==== Dataset extract

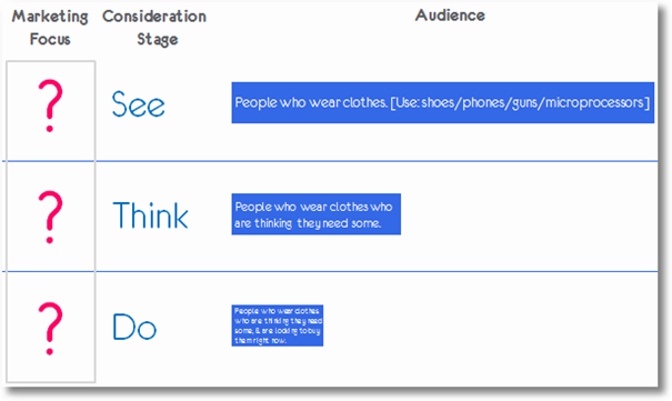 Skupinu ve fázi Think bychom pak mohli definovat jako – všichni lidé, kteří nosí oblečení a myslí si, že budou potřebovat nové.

========
==== Dataset extract

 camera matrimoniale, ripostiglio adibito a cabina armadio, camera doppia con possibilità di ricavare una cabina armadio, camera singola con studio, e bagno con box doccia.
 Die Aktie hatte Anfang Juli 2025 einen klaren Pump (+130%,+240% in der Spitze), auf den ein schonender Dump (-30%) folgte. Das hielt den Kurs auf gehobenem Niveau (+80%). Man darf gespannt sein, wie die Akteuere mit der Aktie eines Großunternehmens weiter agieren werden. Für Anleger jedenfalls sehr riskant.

========

_Task prompt_. Starting with the line that holds "camera matrimoniale, ripostiglio" and ending with the line that holds "Die Aktie hatte", retype every line in the data above exactly, and nothing else.

_Response area_.
 camera matrimoniale, ripostiglio adibito a cabina armadio, camera doppia con possibilità di ricavare una cabina armadio, camera singola con studio, e bagno con box doccia.
 Die Aktie hatte Anfang Juli 2025 einen klaren Pump (+130%,+240% in der Spitze), auf den ein schonender Dump (-30%) folgte. Das hielt den Kurs auf gehobenem Niveau (+80%). Man darf gespannt sein, wie die Akteuere mit der Aktie eines Großunternehmens weiter agieren werden. Für Anleger jedenfalls sehr riskant.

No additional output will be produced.